Impairment of Long-Lived Assets
In September 2025, the CPUC issued a final decision in SCE's 2025 GRC proceeding. As a result of the decision, SCE recorded an $88 million impairment of utility property, plant and equipment that was disallowed by the CPUC, primarily related to the rooftop solar photovoltaic program.
New Accounting Guidance
Accounting Guidance Adopted
No material accounting standards were adopted in the nine months ended September 30, 2025.
Accounting Guidance Not Yet Adopted
In December 2023, the FASB issued an accounting standards update requiring additional disclosures primarily related to the income tax rate reconciliation and income taxes paid. The guidance also eliminates certain existing disclosures related to uncertain tax positions and unrecognized deferred tax liabilities. Edison International and SCE will apply this standard beginning in their annual filing for the year ended December 31, 2025, and the standard is not expected to materially affect the annual disclosures.

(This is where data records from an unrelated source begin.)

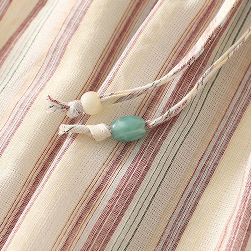 Color Vertical Stripes Cotton Women's Wide Leg Pants With Pockets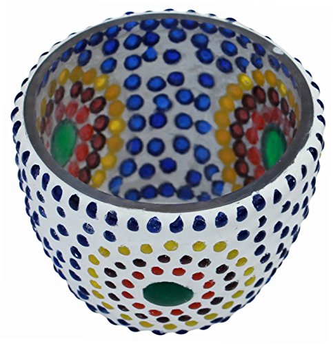 Exquisite big round tealight holder. Handmade in glass mosaic by expert artisans in India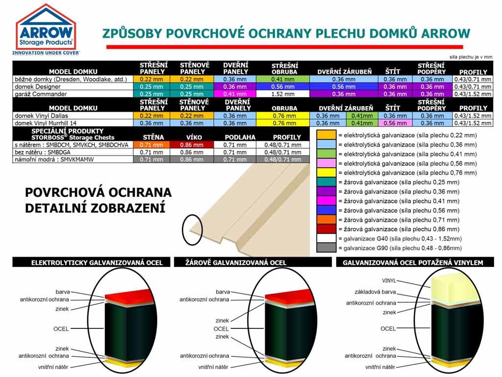 Steny záhradného domčeka sú vyrobené z kvalitného profilovaného oceľového plechu hrúbky 0,22 - 0,35 mm a konštrukcia z pozinkovaného plechu o hrúbke 0,36 - 0,40 mm. Strecha a časti podlahovej konštrukcie sú žiarovo pozinkované, steny a zbytok konštrukcie prešli elektrolytickým zinkovaním. Všetky nalakované diely sú opatrené kvalitnou polyesterovou farbou. Vďaka tomu je domček odolný voči nepriaznivému počasiu a je možné ho používať po celý rok. Aj preto výrobca poskytuje záruku 10 rokov proti prehrdzaveniu.
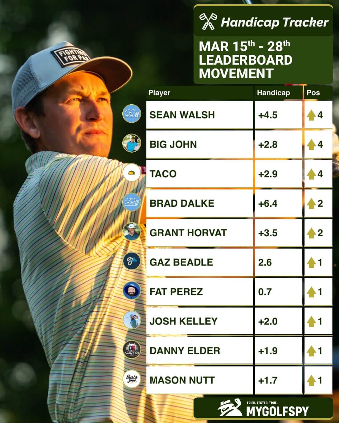 Here’s the latest update with some notable moves from Sean Walsh, Brad Dalke, Gaz Beadle and Fat Perez. The data comes from the handicap tracker which monitors scores from golf videos on YouTube and calculates handicaps based on those rounds.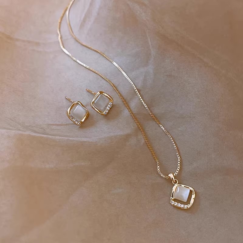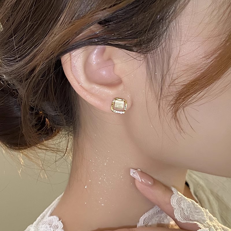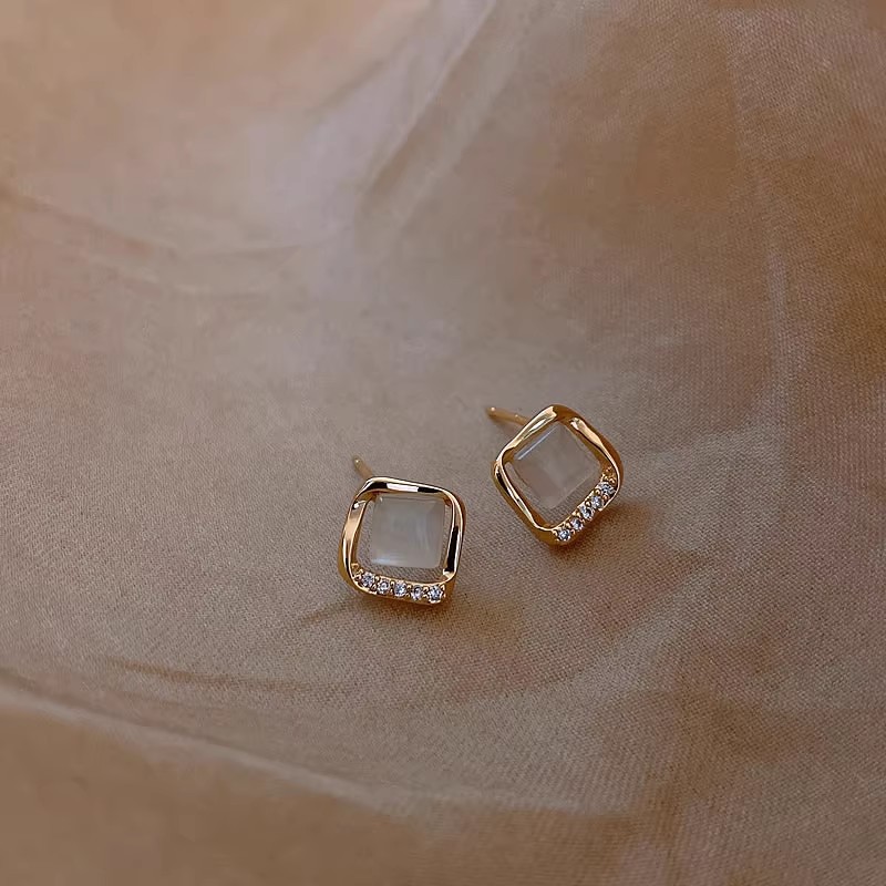 French Entry Lux Opal Small Square Stud Earrings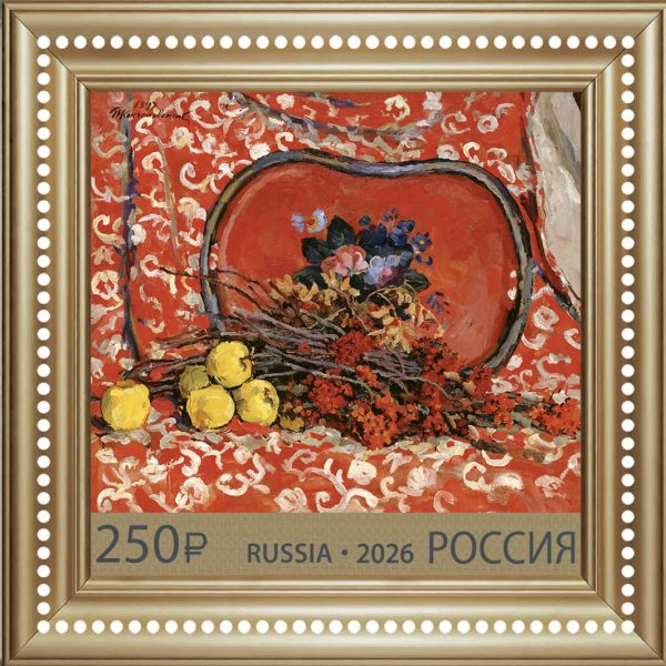 Мы убеждаемся, что наследие художника хорошо освоено маркоиздателями. И вот перед нами блок, выпуск которого приурочен к юбилейной дате. Номинал блока 250 рублей. На почтовой марке изображена картина П.П. Кончаловского «Натюрморт. Красный поднос и рябина» (1947, Фонд Петра Кончаловского). Марка имеет квадратную форму. Перфорация размещена по периметру роскошной позолоченной рамы.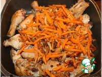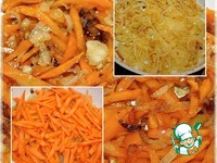 В том же масле обжарим лук. Вернее не обжарим, а скорее припустим … до полупрозрачности. Потом в сковороду отправляется морковка, и тушим … до полуготовности моркови. |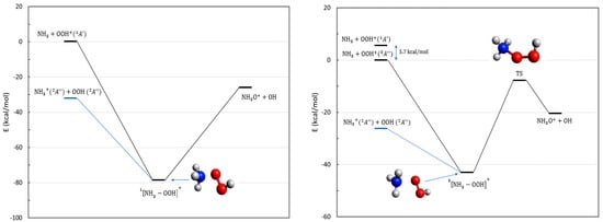 Reactions 14–16 involve hydrogen peroxide and its cation. H2O2 is the smallest chiral molecule, owing to the asymmetry of its anti conformation that is the most stable one [24]. Its cation is a radical in a doublet state. Since ionizing H2O2 is easier than NH2, the ground state of the system corresponds to the entrance channel of reaction 14. The energetics of the reactive channels are illustrated in Figure 6. This reaction can proceed on a singlet (left panel in Figure 6) or triplet (right panel of Figure 6) PES, and in both cases, is exoergic. While for the singlet PES we have been able to locate the reaction complex, its equivalent for the triplet PES has eluded our search.

In November 2024, the FASB issued an accounting standards update requiring public entities to provide disaggregated disclosure of income statement expenses. The guidance does not change the expense captions an entity presents on the face of the income statement, rather, it requires disaggregation of certain expense captions into specified categories in disclosures within the footnotes to the financial statements. The guidance is effective for annual disclosure for the year ended December 31, 2027 and subsequent interim periods with early adoption permitted. The guidance is applied prospectively. Edison International and SCE are currently evaluating the impact of the new guidance.
In July 2025, the FASB issued an accounting standards update allowing entities to elect a practical expedient when developing forecasts as part of estimating the expected credit losses on current accounts receivable and current contract assets. The practical expedient permits entities to assume that current conditions as of the balance sheet date do not change for the remaining life of such assets. The guidance is effective for annual periods after January 1, 2026 and interim reporting periods within those annual reporting periods with early adoption permitted. The guidance is applied prospectively. Edison International and SCE are currently evaluating the impact of this guidance.
In September 2025, the FASB issued an accounting standards update to amend certain aspects of the accounting for and disclosure of internal-use software. Among other things, the guidance removes all references to prescriptive and sequential software development stages and instead requires entities to begin capitalizing software costs when certain criteria are met. The guidance is effective for annual periods after January 1, 2028 and interim reporting periods within those annual reporting periods with early adoption permitted. The guidance can be applied prospectively, retrospectively, or via a modified prospective transition method. Edison International and SCE are currently evaluating the impact of this new guidance.